Items from a data source
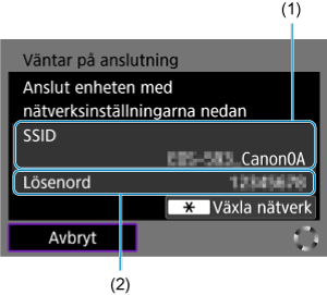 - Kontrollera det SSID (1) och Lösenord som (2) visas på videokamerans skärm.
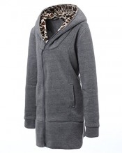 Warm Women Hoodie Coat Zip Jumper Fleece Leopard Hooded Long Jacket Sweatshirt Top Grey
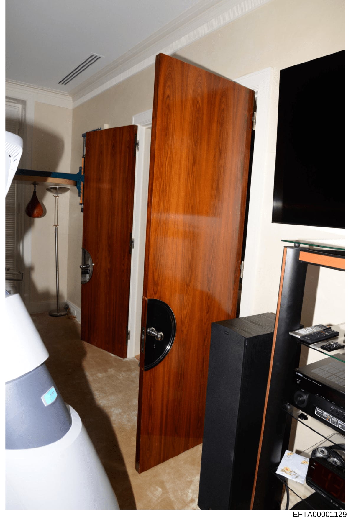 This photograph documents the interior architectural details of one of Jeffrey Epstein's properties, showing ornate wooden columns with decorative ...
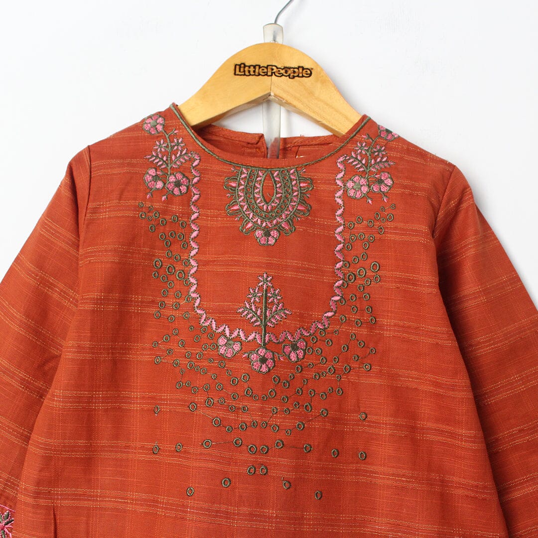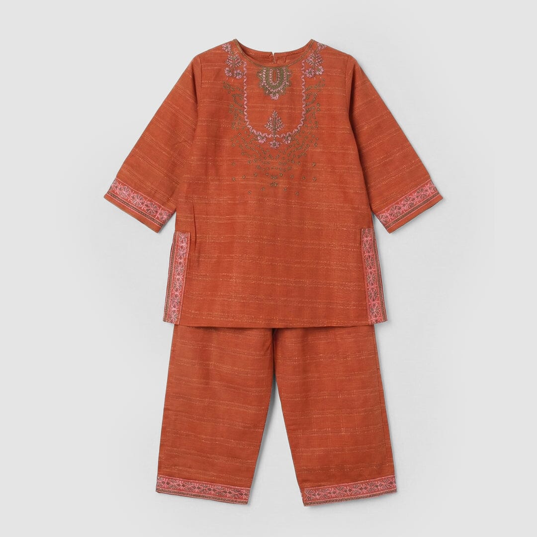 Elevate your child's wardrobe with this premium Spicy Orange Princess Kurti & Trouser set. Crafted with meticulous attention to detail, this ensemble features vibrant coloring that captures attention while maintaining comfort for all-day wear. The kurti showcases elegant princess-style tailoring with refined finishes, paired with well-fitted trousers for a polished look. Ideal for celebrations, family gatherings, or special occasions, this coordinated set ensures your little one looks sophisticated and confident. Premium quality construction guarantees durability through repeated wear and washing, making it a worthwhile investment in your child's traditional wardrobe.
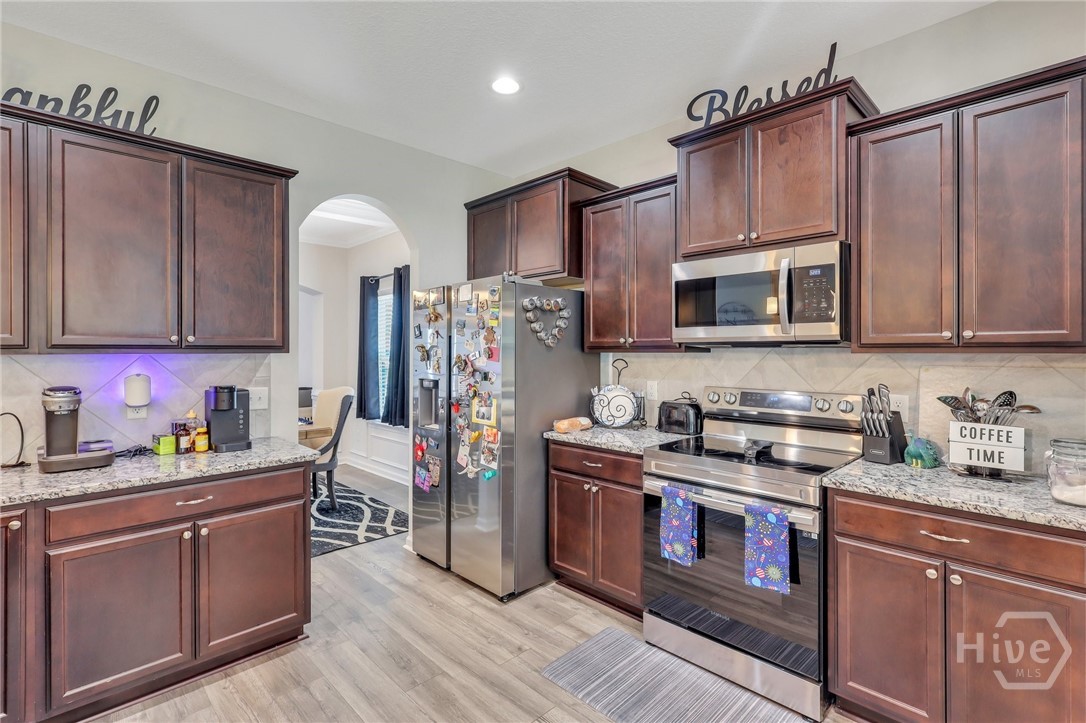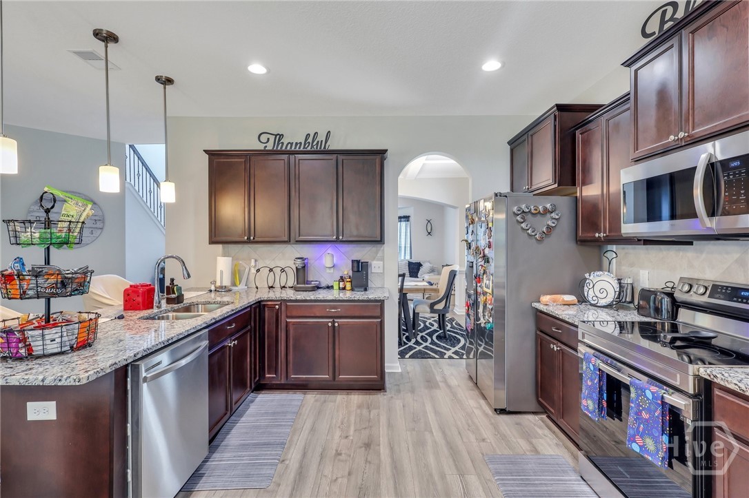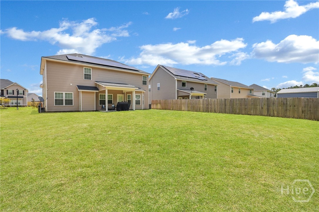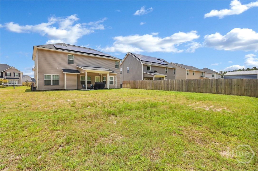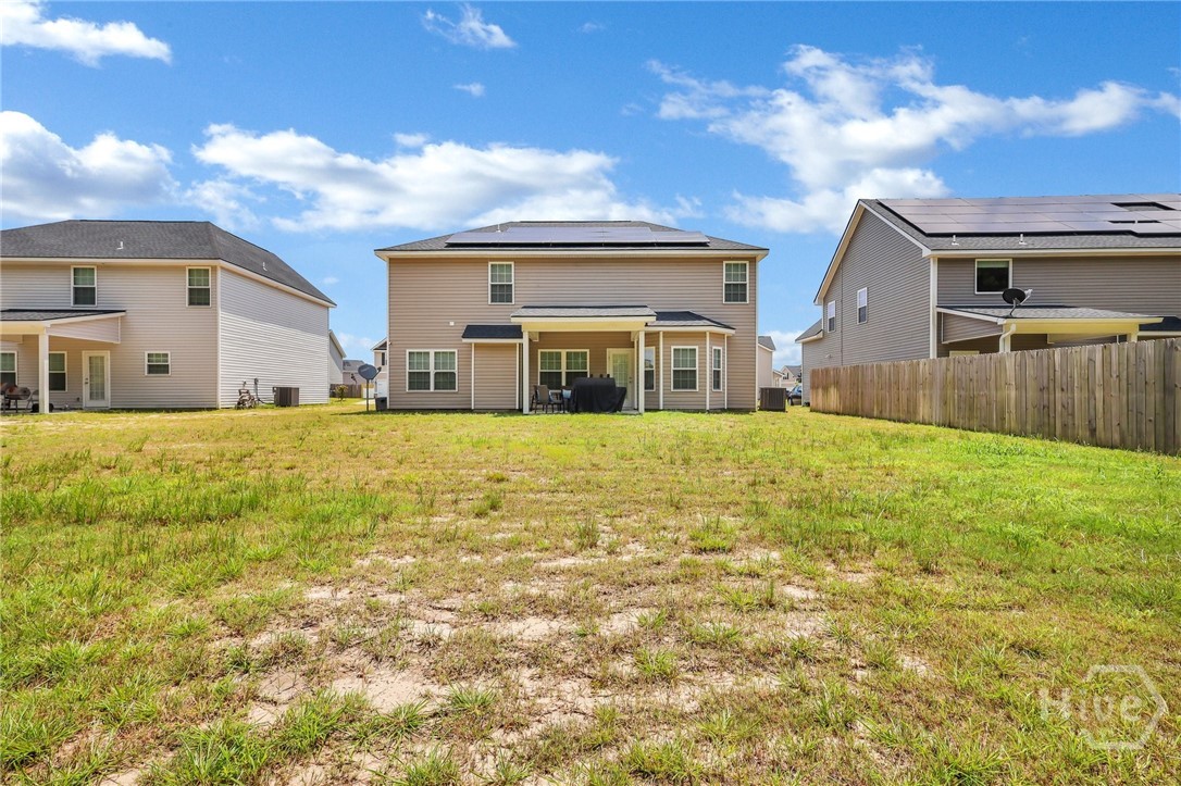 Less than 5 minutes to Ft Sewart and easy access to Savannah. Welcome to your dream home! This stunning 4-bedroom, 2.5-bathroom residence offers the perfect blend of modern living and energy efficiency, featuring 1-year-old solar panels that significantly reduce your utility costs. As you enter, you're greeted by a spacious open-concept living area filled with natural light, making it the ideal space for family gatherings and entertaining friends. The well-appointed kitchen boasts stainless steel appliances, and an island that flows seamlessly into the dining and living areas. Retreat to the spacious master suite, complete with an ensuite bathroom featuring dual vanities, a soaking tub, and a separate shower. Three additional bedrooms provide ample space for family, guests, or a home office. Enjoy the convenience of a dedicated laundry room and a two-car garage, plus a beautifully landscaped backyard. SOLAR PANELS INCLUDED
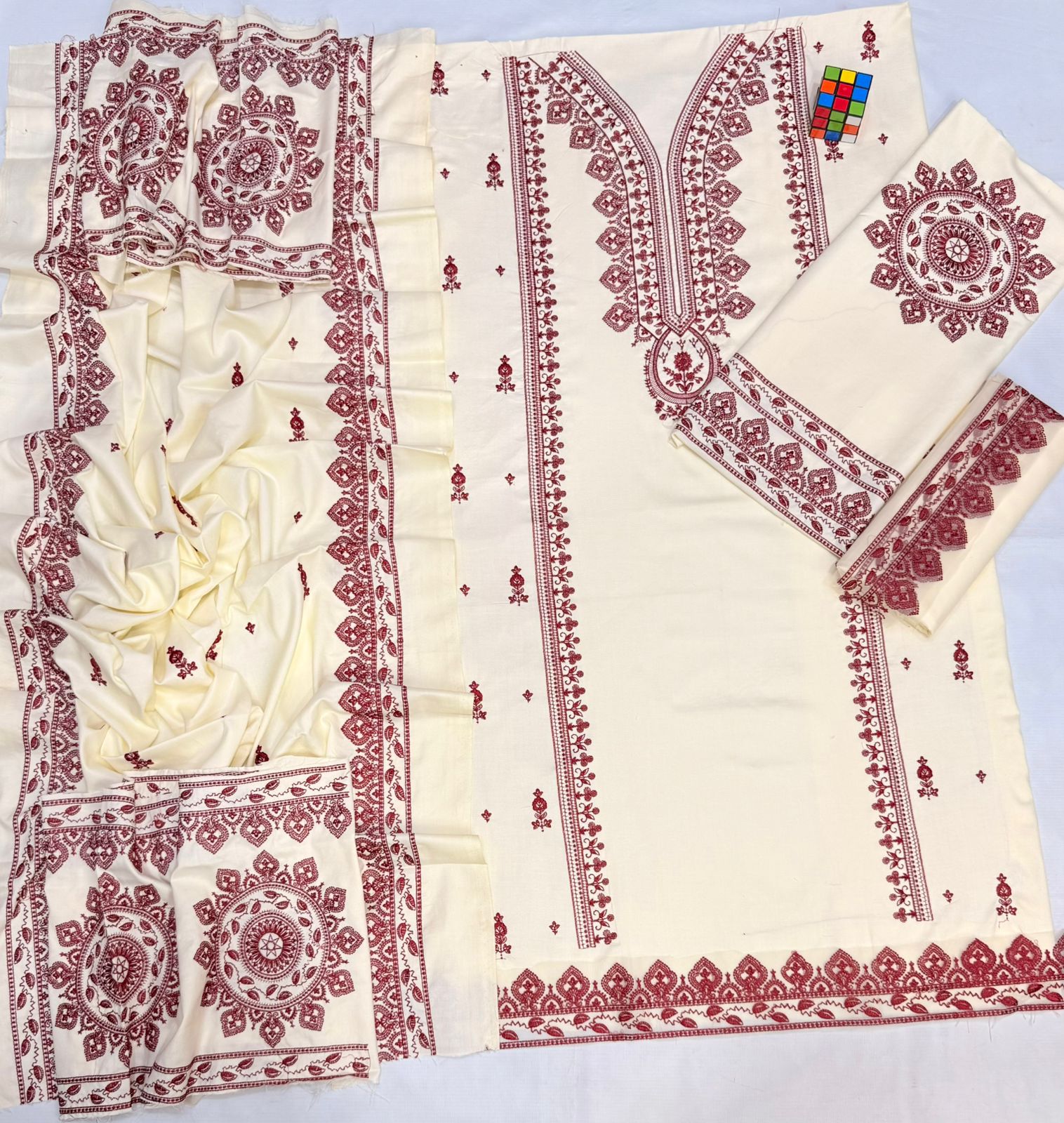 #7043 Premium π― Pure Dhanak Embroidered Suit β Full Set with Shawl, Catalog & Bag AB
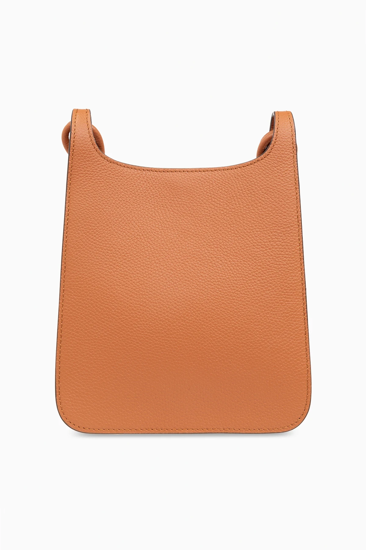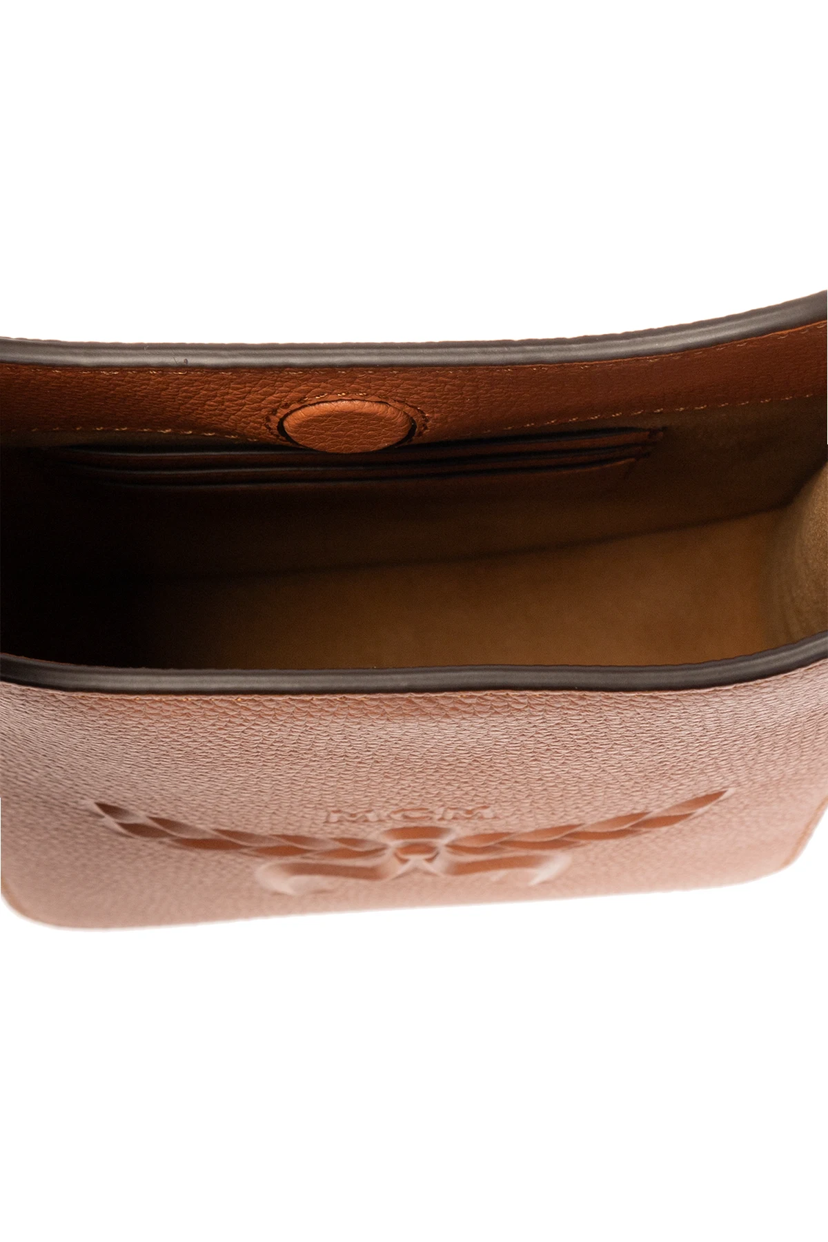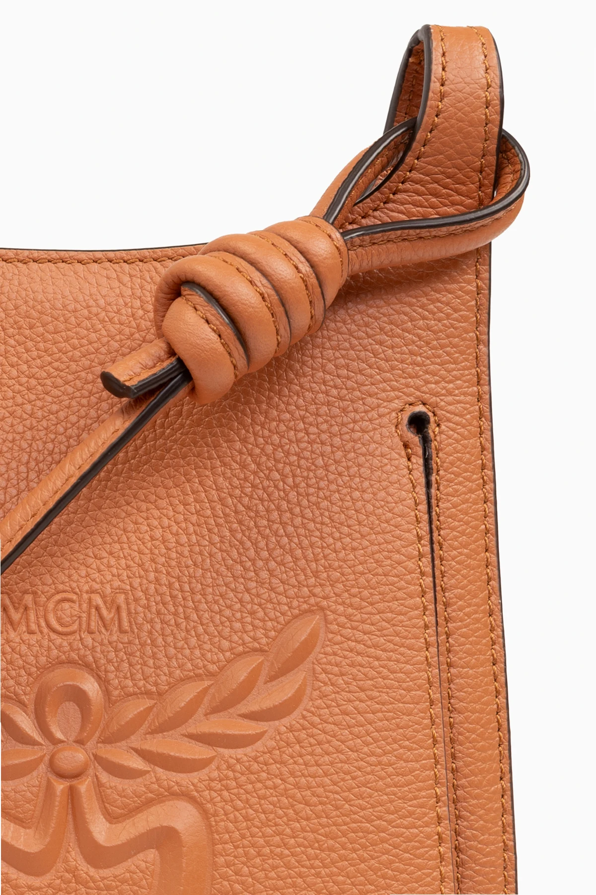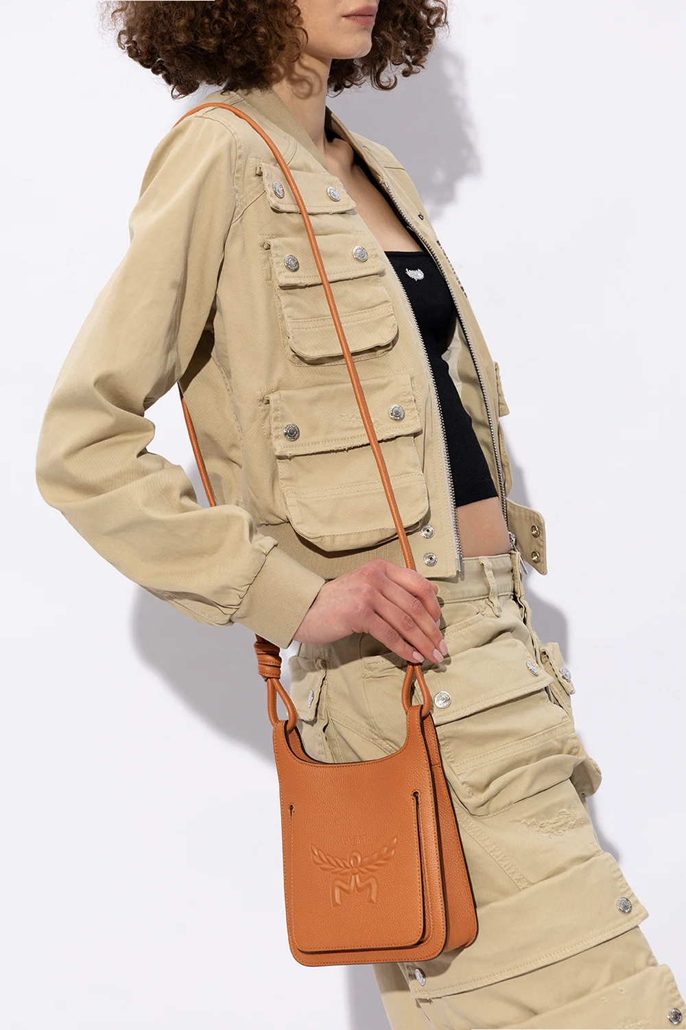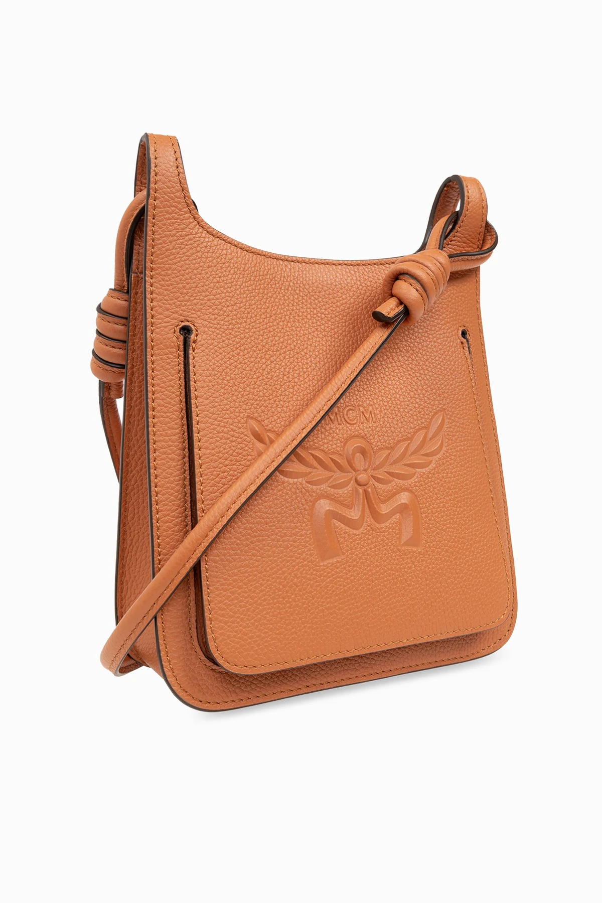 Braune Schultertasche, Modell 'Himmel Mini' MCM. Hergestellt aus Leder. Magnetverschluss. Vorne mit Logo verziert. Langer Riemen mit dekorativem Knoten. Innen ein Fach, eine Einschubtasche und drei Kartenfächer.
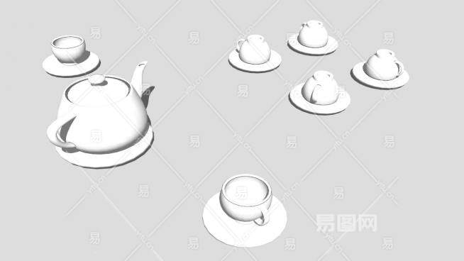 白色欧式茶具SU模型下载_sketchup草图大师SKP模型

AIM OF THE EXERCISE —
Give the lines again word for word, from the start of the records to the line holding "This photograph documents", both included, and leave out any picture.

EXERCISE OUTPUT —
 - Kontrollera det SSID (1) och Lösenord som (2) visas på videokamerans skärm.
 Warm Women Hoodie Coat Zip Jumper Fleece Leopard Hooded Long Jacket Sweatshirt Top Grey
 This photograph documents the interior architectural details of one of Jeffrey Epstein's properties, showing ornate wooden columns with decorative ...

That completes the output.